═════ PROVIDED ENTRIES

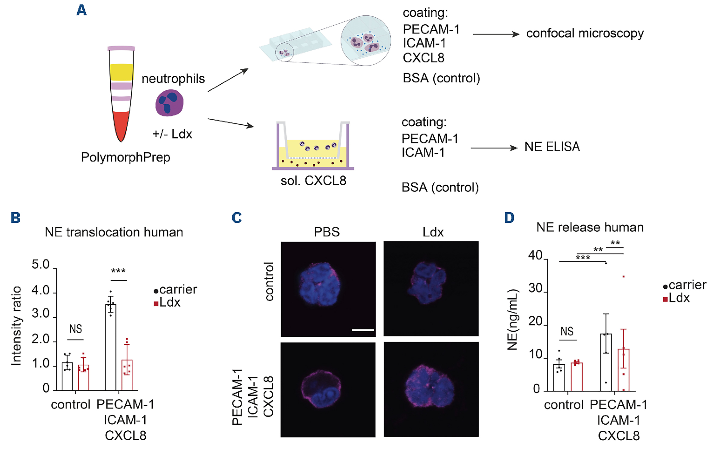 Figure 5.Ladarixin impairs neutrophil elastase mobilization in human primary neutrophils. (A) Neutrophil elastase (NE) mobilization to the cellular surface was studied in primary human neutrophils using confocal microscopy or a classical transwell system. (B) NE translocation to the cellular surface was investigated in neutrophils pretreated with phosphate-buffered saline (PBS, carrier) or ladarixin (Ldx) on plates coated with 2% bovine serum albumin (BSA, control) or platelet endothelial cell adhesion molecule 1 (PECAM-1), intercellular adhesion molecule 1 (ICAM-1) and CXCL8 (N=6 per group, two-way analysis of variance [ANOVA], Sidak multiple comparison, data are presented as NE intensity ratio). (C) Representative images illustrating NE mobilization to the human neutrophil surface in plates coated with PECAM-1, ICAM-1 and CXCL8 or 2% BSA (control). Cells were pretreated with PBS (carrier) or Ldx as indicated. Scale bar: 5 µm. (D) NE release was examined in a transwell system, in which cells were stimulated with PECAM-1 and ICAM-1 and simultaneously allowed to migrate to a CXCL8 gradient (N=5 per group, two-way ANOVA, Sidak multiple comparison). *P≤0.05, **P≤0.01, ***P≤0.005, NS: not significant. Sol.: soluble; ELISA: enzyme-linked immunosorbent assay.
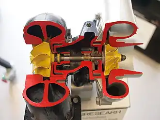 Turbocompresor seccionado. A la izquierda turbina con su estátor en rojo y rotor en amarillo; a la derecha compresor con iguales colores
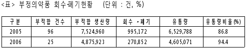 - 식약청 집계...05년-87%, 06년-94% '미회수'
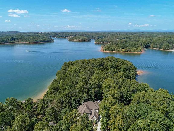 Waterfront custom home on prime protected point lot. Lake Lanier luxury, with captivating year-round sunsets/sunrises. Discover for yourself the level easy 50-foot walk to a 32' x 32' custom dock. This deep water dock contains the following: 2 boat lifts, Electricity, Running water. The connection between the Piano room, Dining room, and outdoor patio is made through floor to ceiling windows. The pleasant moments during dinner are completed by a wonderful lake view. The main level has many features: Two-story library with a ladder, Piano room with coffered ceilings and fireplace, Dining room, Chef's kitchen, Butler's pantry, Keeping room with fireplace, Guest bedroom with a full bathroom, Owner's suite with custom closets, en-suite and balcony. The second Level offers the following: Built-in bookcases, Second den with fireplace, Two bedrooms with two and a half bathrooms, Study with a refrigerator, fireplace and balcony. The terrace level offers the following: Home generator for endless power, Office, Den number three with fireplace, Huge bedroom, Full Bathroom, Fitness center, Arcade.This home is professionally landscaped along with a custom outdoor stone fireplace for you to enjoy after a great day boating on Lake Lanier! There's plenty of room for your custom pool. Located near the finest and most comprehensive medical services in Northeast Georgia. Whether you're a fan of the big city or mountains, Lake Ranch Estates offers a great location for many lifestyles.
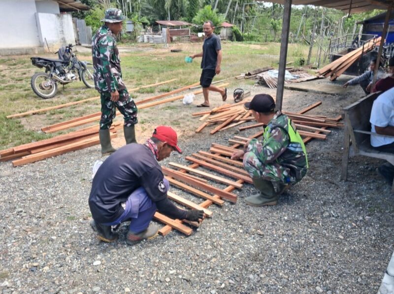 Nagan raya Agaranews.com – Bintara Pembina Desa (Babinsa) Posramil Kuala Pesisir Kodim 0116/Nara Serka Sunanto membantu meringankan pekerjaan warga, Babinsa melaksanakan karya bakti membantu warga binaan membuat pagar rumah tempat tinggal Andre di Desa Padang Panyang Kecamatan Kuala Pesisir Kabupaten Nagan raya, Senin (13/04/2026)
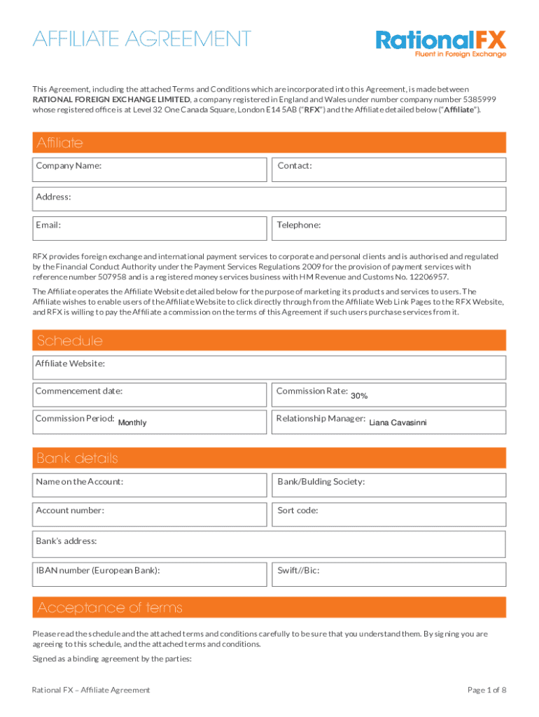 AFFILIATE AGREEMENT This Agreement, including the attached Terms and Conditions which are incorporated into this Agreement, is made between RATIONAL FOREIGN EXCHANGE LIMITED, a company registered
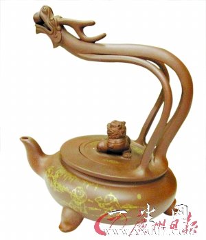 另一套他中意的紫砂壶是一个朋友送的,是两件套。壶把手和壶盖上分别有青蛙、南瓜加青蛙的图案。最奇特的是,泡茶时如果壶盖上的青蛙对着把手上的青蛙,即两只青蛙“亲嘴”,壶底就会漏水,把盖扭开,漏水就停止了。他有时候展示给朋友看,大家都觉得很奇特又好玩。
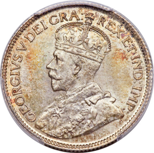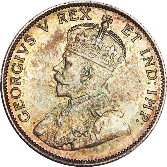 After the death of Edward VII, the coronation of George V in 1910 and the addition of India to the British Empire, a new obverse featuring King George V wearing the Imperal State Crown, surrounded by "GEORGVS V REX ET IND:IMP:" (George V King And Emperor of India) was designed by Sir E. B. MacKennal in 1911. To make room for the abbreviation "ET IND:IMP:" the words "D. G." (By the grace of God) and "IMPERATOR" from the previous obverse design were removed. |
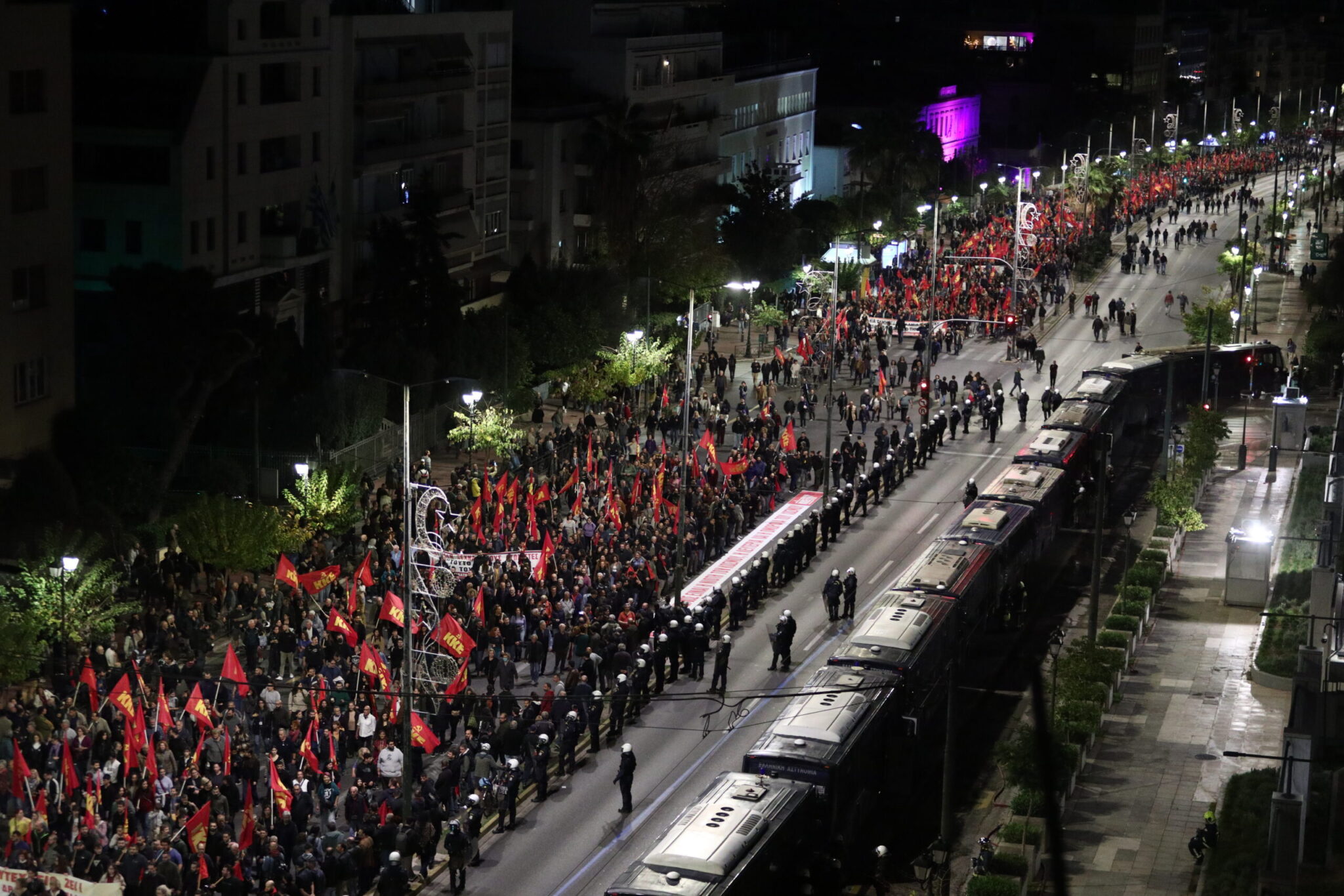 Χιλιάδες άνθρωποι – σύμφωνα με εκτιμήσεις πάνω από 15.000 – συμμετέχουν στη μεγάλη πορεία του Πολυτεχνείου. Τα μπλοκ των διαδηλωτών έχουν περάσει όλα από το Σύνταγμα, όπου είχε στηθεί τείχος από κλούβες των ΜΑΤ ώστε να μην προσεγγίσει κανείς το μνημείο του Άγνωστου Στρατιώτη. Η κεφαλή της πορείας βρίσκεται πλέον στο Χίλτον.
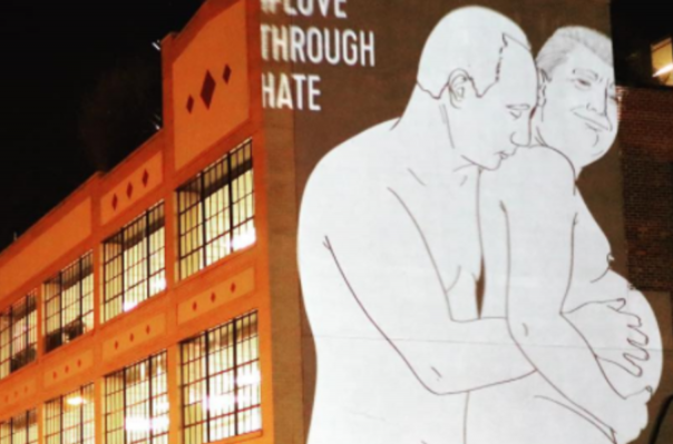 Ինչպես նշում է The Huffinghton Post-ը, «Ատելության միջով դեպի սեր» (Love Through Hate) խորագրով պրոյեկցիայում մինչև գոտկատեղը մերկ Պուտինը հետևից փաթաթվել է հղի Թրամփին:
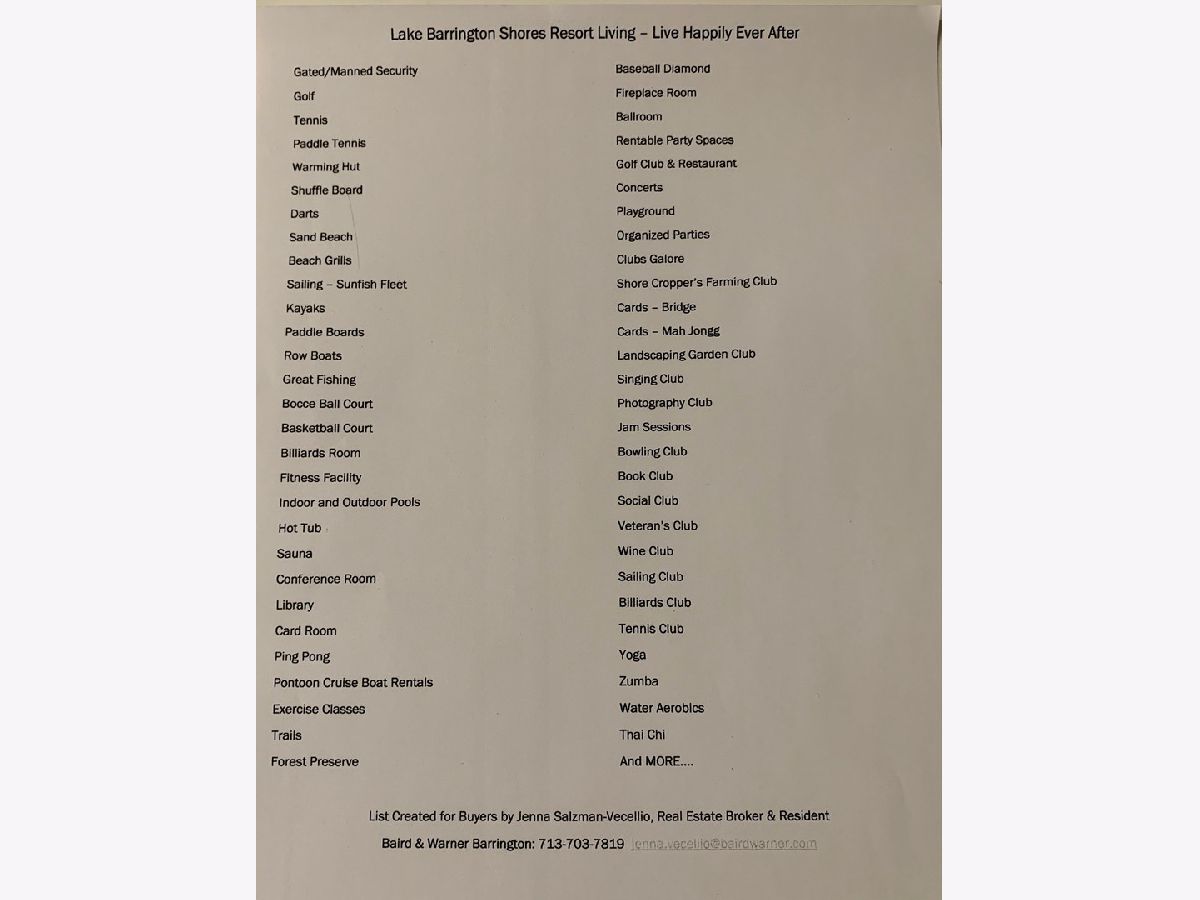 LAKEFRONT-RENOVATED-BRIGHT-3 LEVELS This updated dream home boasts a Spacious Open floor plan with Stunning main lake views! This home was tastefully designed for today's savvy buyer. ENTER your new home through your 2 Car Garage into your private gated courtyard. Perfect for privacy, entertaining and/or a pet unleashed to enjoy. The KITCHEN features: custom white cabinetry, quartz counter tops and high end Bosch stainless steel appliances and a wine refrigerator. This Open Floor Plan to the dining and living area ensures lake and gorgeous mature tree views unparalleled to any other community nearby. Also on the main level there is a Den that could easily be transformed into an additional bedroom. DOWNSTAIRS the Open family room is simply perfect for gatherings large and small, with an AMAZING built in wet bar complete with another wine refrigerator. Step outside and enjoy entertaining or private relaxation on your brick paver patio with again... a gorgeous lake view. There is an additional storage/hobby room downstairs that can also be easily converted into yet another bedroom. UPSTAIRS, The Fabulous Master Suite was redesigned with a luxurious spa bathroom with skylights, an oversized walk in closet with custom built-ins and your own private balcony. Imagine waking up every morning and looking out your window at the Majestic Lake Barrington. Bonus - this is a Resort Community zoned to Barrington Schools. More features include: a Golf Course, a Recreation Center w/ a Fitness Facility, Party Rooms and work areas, Indoor and Outdoor Pools, a Beach with Community Owned Boats, Spectacular Fishing, Tennis and TOO MANY CLUBS TO Mention... Welcome to happily ever after!
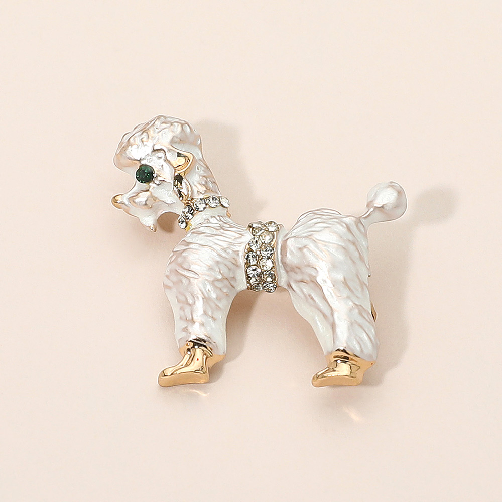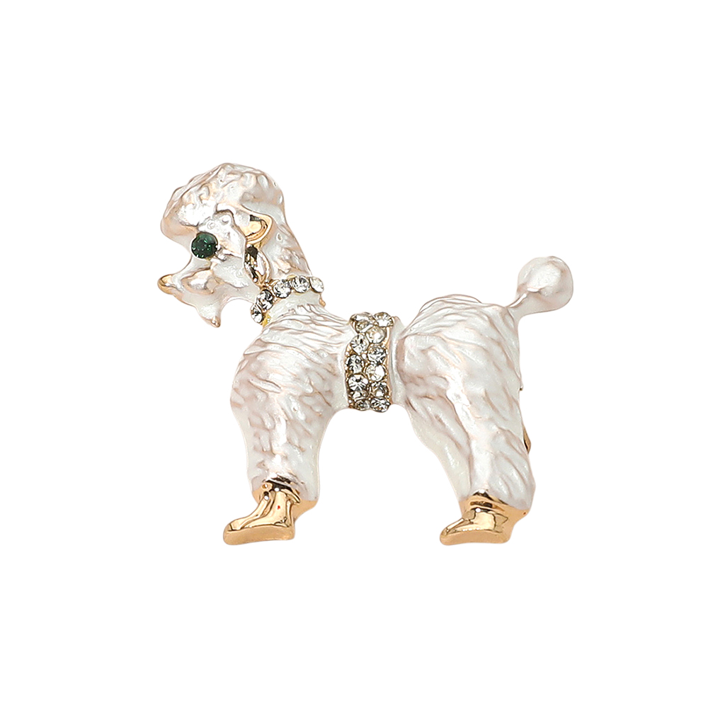 Details • Size : 1.3" X 1.4" • Pin Brooch • Charming poodle brooch adorned with sparkling crystal collar and waist accents, detailed enamel finish, and gold-toned highlights. A delightful accessory for dog lovers, this brooch adds sophistication to jackets, scarves, or handbags while showcasing a love for pets and elegant fashion flair. • Gold Dipped • Lead and Nickel Compliant

══════════

WHAT YOU HAVE TO DO:
Retype all of the listing above exactly, but keep its pictures out.

RESULT OF THIS TASK:
 Figure 5.Ladarixin impairs neutrophil elastase mobilization in human primary neutrophils. (A) Neutrophil elastase (NE) mobilization to the cellular surface was studied in primary human neutrophils using confocal microscopy or a classical transwell system. (B) NE translocation to the cellular surface was investigated in neutrophils pretreated with phosphate-buffered saline (PBS, carrier) or ladarixin (Ldx) on plates coated with 2% bovine serum albumin (BSA, control) or platelet endothelial cell adhesion molecule 1 (PECAM-1), intercellular adhesion molecule 1 (ICAM-1) and CXCL8 (N=6 per group, two-way analysis of variance [ANOVA], Sidak multiple comparison, data are presented as NE intensity ratio). (C) Representative images illustrating NE mobilization to the human neutrophil surface in plates coated with PECAM-1, ICAM-1 and CXCL8 or 2% BSA (control). Cells were pretreated with PBS (carrier) or Ldx as indicated. Scale bar: 5 µm. (D) NE release was examined in a transwell system, in which cells were stimulated with PECAM-1 and ICAM-1 and simultaneously allowed to migrate to a CXCL8 gradient (N=5 per group, two-way ANOVA, Sidak multiple comparison). *P≤0.05, **P≤0.01, ***P≤0.005, NS: not significant. Sol.: soluble; ELISA: enzyme-linked immunosorbent assay.
 Turbocompresor seccionado. A la izquierda turbina con su estátor en rojo y rotor en amarillo; a la derecha compresor con iguales colores
 - 식약청 집계...05년-87%, 06년-94% '미회수'
 Waterfront custom home on prime protected point lot. Lake Lanier luxury, with captivating year-round sunsets/sunrises. Discover for yourself the level easy 50-foot walk to a 32' x 32' custom dock. This deep water dock contains the following: 2 boat lifts, Electricity, Running water. The connection between the Piano room, Dining room, and outdoor patio is made through floor to ceiling windows. The pleasant moments during dinner are completed by a wonderful lake view. The main level has many features: Two-story library with a ladder, Piano room with coffered ceilings and fireplace, Dining room, Chef's kitchen, Butler's pantry, Keeping room with fireplace, Guest bedroom with a full bathroom, Owner's suite with custom closets, en-suite and balcony. The second Level offers the following: Built-in bookcases, Second den with fireplace, Two bedrooms with two and a half bathrooms, Study with a refrigerator, fireplace and balcony. The terrace level offers the following: Home generator for endless power, Office, Den number three with fireplace, Huge bedroom, Full Bathroom, Fitness center, Arcade.This home is professionally landscaped along with a custom outdoor stone fireplace for you to enjoy after a great day boating on Lake Lanier! There's plenty of room for your custom pool. Located near the finest and most comprehensive medical services in Northeast Georgia. Whether you're a fan of the big city or mountains, Lake Ranch Estates offers a great location for many lifestyles.
 Nagan raya Agaranews.com – Bintara Pembina Desa (Babinsa) Posramil Kuala Pesisir Kodim 0116/Nara Serka Sunanto membantu meringankan pekerjaan warga, Babinsa melaksanakan karya bakti membantu warga binaan membuat pagar rumah tempat tinggal Andre di Desa Padang Panyang Kecamatan Kuala Pesisir Kabupaten Nagan raya, Senin (13/04/2026)
 AFFILIATE AGREEMENT This Agreement, including the attached Terms and Conditions which are incorporated into this Agreement, is made between RATIONAL FOREIGN EXCHANGE LIMITED, a company registered
 另一套他中意的紫砂壶是一个朋友送的,是两件套。壶把手和壶盖上分别有青蛙、南瓜加青蛙的图案。最奇特的是,泡茶时如果壶盖上的青蛙对着把手上的青蛙,即两只青蛙“亲嘴”,壶底就会漏水,把盖扭开,漏水就停止了。他有时候展示给朋友看,大家都觉得很奇特又好玩。
 After the death of Edward VII, the coronation of George V in 1910 and the addition of India to the British Empire, a new obverse featuring King George V wearing the Imperal State Crown, surrounded by "GEORGVS V REX ET IND:IMP:" (George V King And Emperor of India) was designed by Sir E. B. MacKennal in 1911. To make room for the abbreviation "ET IND:IMP:" the words "D. G." (By the grace of God) and "IMPERATOR" from the previous obverse design were removed. |
 Χιλιάδες άνθρωποι – σύμφωνα με εκτιμήσεις πάνω από 15.000 – συμμετέχουν στη μεγάλη πορεία του Πολυτεχνείου. Τα μπλοκ των διαδηλωτών έχουν περάσει όλα από το Σύνταγμα, όπου είχε στηθεί τείχος από κλούβες των ΜΑΤ ώστε να μην προσεγγίσει κανείς το μνημείο του Άγνωστου Στρατιώτη. Η κεφαλή της πορείας βρίσκεται πλέον στο Χίλτον.
 Ինչպես նշում է The Huffinghton Post-ը, «Ատելության միջով դեպի սեր» (Love Through Hate) խորագրով պրոյեկցիայում մինչև գոտկատեղը մերկ Պուտինը հետևից փաթաթվել է հղի Թրամփին:
 LAKEFRONT-RENOVATED-BRIGHT-3 LEVELS This updated dream home boasts a Spacious Open floor plan with Stunning main lake views! This home was tastefully designed for today's savvy buyer. ENTER your new home through your 2 Car Garage into your private gated courtyard. Perfect for privacy, entertaining and/or a pet unleashed to enjoy. The KITCHEN features: custom white cabinetry, quartz counter tops and high end Bosch stainless steel appliances and a wine refrigerator. This Open Floor Plan to the dining and living area ensures lake and gorgeous mature tree views unparalleled to any other community nearby. Also on the main level there is a Den that could easily be transformed into an additional bedroom. DOWNSTAIRS the Open family room is simply perfect for gatherings large and small, with an AMAZING built in wet bar complete with another wine refrigerator. Step outside and enjoy entertaining or private relaxation on your brick paver patio with again... a gorgeous lake view. There is an additional storage/hobby room downstairs that can also be easily converted into yet another bedroom. UPSTAIRS, The Fabulous Master Suite was redesigned with a luxurious spa bathroom with skylights, an oversized walk in closet with custom built-ins and your own private balcony. Imagine waking up every morning and looking out your window at the Majestic Lake Barrington. Bonus - this is a Resort Community zoned to Barrington Schools. More features include: a Golf Course, a Recreation Center w/ a Fitness Facility, Party Rooms and work areas, Indoor and Outdoor Pools, a Beach with Community Owned Boats, Spectacular Fishing, Tennis and TOO MANY CLUBS TO Mention... Welcome to happily ever after!
 Details • Size : 1.3" X 1.4" • Pin Brooch • Charming poodle brooch adorned with sparkling crystal collar and waist accents, detailed enamel finish, and gold-toned highlights. A delightful accessory for dog lovers, this brooch adds sophistication to jackets, scarves, or handbags while showcasing a love for pets and elegant fashion flair. • Gold Dipped • Lead and Nickel Compliant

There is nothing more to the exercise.